### Assigned task:
Every single entry must be reproduced precisely.

START Entries supplied

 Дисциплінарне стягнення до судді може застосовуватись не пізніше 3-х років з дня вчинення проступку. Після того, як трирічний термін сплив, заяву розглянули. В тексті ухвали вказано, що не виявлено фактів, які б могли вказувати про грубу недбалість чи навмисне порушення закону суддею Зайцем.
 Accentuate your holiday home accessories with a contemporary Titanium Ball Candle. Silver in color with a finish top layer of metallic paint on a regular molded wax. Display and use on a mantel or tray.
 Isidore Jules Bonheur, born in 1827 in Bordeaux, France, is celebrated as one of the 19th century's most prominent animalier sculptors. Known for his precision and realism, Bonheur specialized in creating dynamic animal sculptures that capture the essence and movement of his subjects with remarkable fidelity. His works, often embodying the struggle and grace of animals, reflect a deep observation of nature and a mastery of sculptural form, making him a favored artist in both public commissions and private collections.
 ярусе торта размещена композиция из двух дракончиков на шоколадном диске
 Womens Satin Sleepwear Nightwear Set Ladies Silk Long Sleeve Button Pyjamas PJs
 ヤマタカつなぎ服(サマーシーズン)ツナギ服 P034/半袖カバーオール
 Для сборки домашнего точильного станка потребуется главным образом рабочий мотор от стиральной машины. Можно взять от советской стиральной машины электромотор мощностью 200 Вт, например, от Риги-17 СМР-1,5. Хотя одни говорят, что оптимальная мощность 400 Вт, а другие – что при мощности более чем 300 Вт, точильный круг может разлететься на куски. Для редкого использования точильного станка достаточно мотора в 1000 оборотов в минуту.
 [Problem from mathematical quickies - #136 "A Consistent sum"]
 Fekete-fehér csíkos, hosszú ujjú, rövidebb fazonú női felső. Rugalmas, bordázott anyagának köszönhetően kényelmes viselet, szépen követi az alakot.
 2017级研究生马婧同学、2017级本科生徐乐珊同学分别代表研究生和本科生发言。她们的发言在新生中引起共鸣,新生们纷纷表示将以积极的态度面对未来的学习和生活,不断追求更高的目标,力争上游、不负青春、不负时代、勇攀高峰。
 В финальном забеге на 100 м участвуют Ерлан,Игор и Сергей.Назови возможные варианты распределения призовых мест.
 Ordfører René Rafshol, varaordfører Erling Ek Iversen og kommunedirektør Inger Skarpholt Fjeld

END Entries supplied

### Your solution:
 Дисциплінарне стягнення до судді може застосовуватись не пізніше 3-х років з дня вчинення проступку. Після того, як трирічний термін сплив, заяву розглянули. В тексті ухвали вказано, що не виявлено фактів, які б могли вказувати про грубу недбалість чи навмисне порушення закону суддею Зайцем.
 Accentuate your holiday home accessories with a contemporary Titanium Ball Candle. Silver in color with a finish top layer of metallic paint on a regular molded wax. Display and use on a mantel or tray.
 Isidore Jules Bonheur, born in 1827 in Bordeaux, France, is celebrated as one of the 19th century's most prominent animalier sculptors. Known for his precision and realism, Bonheur specialized in creating dynamic animal sculptures that capture the essence and movement of his subjects with remarkable fidelity. His works, often embodying the struggle and grace of animals, reflect a deep observation of nature and a mastery of sculptural form, making him a favored artist in both public commissions and private collections.
 ярусе торта размещена композиция из двух дракончиков на шоколадном диске
 Womens Satin Sleepwear Nightwear Set Ladies Silk Long Sleeve Button Pyjamas PJs
 ヤマタカつなぎ服(サマーシーズン)ツナギ服 P034/半袖カバーオール
 Для сборки домашнего точильного станка потребуется главным образом рабочий мотор от стиральной машины. Можно взять от советской стиральной машины электромотор мощностью 200 Вт, например, от Риги-17 СМР-1,5. Хотя одни говорят, что оптимальная мощность 400 Вт, а другие – что при мощности более чем 300 Вт, точильный круг может разлететься на куски. Для редкого использования точильного станка достаточно мотора в 1000 оборотов в минуту.
 [Problem from mathematical quickies - #136 "A Consistent sum"]
 Fekete-fehér csíkos, hosszú ujjú, rövidebb fazonú női felső. Rugalmas, bordázott anyagának köszönhetően kényelmes viselet, szépen követi az alakot.
 2017级研究生马婧同学、2017级本科生徐乐珊同学分别代表研究生和本科生发言。她们的发言在新生中引起共鸣,新生们纷纷表示将以积极的态度面对未来的学习和生活,不断追求更高的目标,力争上游、不负青春、不负时代、勇攀高峰。
 В финальном забеге на 100 м участвуют Ерлан,Игор и Сергей.Назови возможные варианты распределения призовых мест.
 Ordfører René Rafshol, varaordfører Erling Ek Iversen og kommunedirektør Inger Skarpholt Fjeld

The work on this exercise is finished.